Entsprechende Reformvorhaben sollen in einer gemeinsamen Gipfel-Erklärung der Mitgliedstaaten umrissen werden. Ein erster Entwurf von Michel sorgte seitens mehrerer kleinerer Staaten allerdings auch für Kritik. Estlands Regierungschefin Kaja Kallas und ihr irischer Amtskollege Simon Harris etwa sprachen sich gegen eine Anpassung der Steuersysteme aus.
"Als kleines Land haben wir nicht viele Wettbewerbsvorteile", erklärte Kallas. Dazu gehöre ein "sehr kompetitives Steuersystem", das die EU Estland nicht "wegnehmen" dürfe. Es gebe "breite Bedenken" gegen eine Vereinheitlichung des Steuerrechts für Unternehmen, betonte auch Irlands Regierungschef Harris.
Die Finanzmarktreform soll für größere private und öffentliche Investitionen in der EU sorgen. Bislang gelten in den 27 EU-Ländern unterschiedliche Regeln für die Besteuerung und das Insolvenzrecht von Unternehmen. Investitionen über Grenzen hinweg sind deshalb häufig kompliziert.
Die kleineren EU-Staaten befürchten dadurch auch noch umfangreichere staatliche Hilfen für Unternehmen in großen Ländern wie Deutschland und Frankreich. "Das Rennen um Subventionen, in dem Staaten Subventionen zahlen und wir miteinander konkurrieren, ist schädlich für die Wettbewerbsfähigkeit", sagte Kallas.

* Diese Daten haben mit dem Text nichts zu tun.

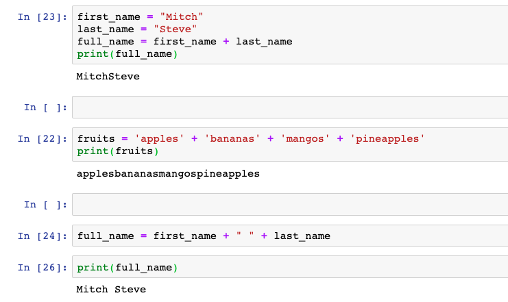 - 더하기 연산자를 이용해서 문자열을 붙일 때, 공백을 포함시켜서 결합시키려면, " " 공백 문자열을 중간에 넣어주면 된다.

Umstritten ist auch eine Zentralisierung der Überwachung der Finanzmärkte bei der europäischen Aufsichtsbehörde ESMA mit Sitz in Paris, wie sie Frankreich vorschlägt. Staaten wie Luxemburg sind dagegen: "Wir müssen vermeiden, dass wir alles überbürokratisieren, überregulieren und auch überzentralisieren", sagte Luxemburgs Regierungschef Luc Frieden. "Nicht alles, was im Vorschlag der Schlussfolgerung steht, findet unsere Zustimmung."
Neben dem Finanzmarkt plädiert Letta in seinem Bericht vor allem für einheitliche Regeln im Energie- und Telekommunikationssektor. Auf diesen Märkten gebe es "seit Jahren" Hindernisse für Unternehmen. "Wir haben keine Zeit zu verschwenden", warnte der Italiener mit Blick auf den Wettbewerb mit den USA und China.
Im vergangenen Jahr wuchs die Wirtschaft in der EU nur leicht um 0,5 Prozent, in den USA waren es 2,5 Prozent. Die EU fürchtet vor allem, bei Technologien wie Wind- und Solarenergie, Batterien, Halbleitern und Künstlicher Intelligenz abgehängt zu werden.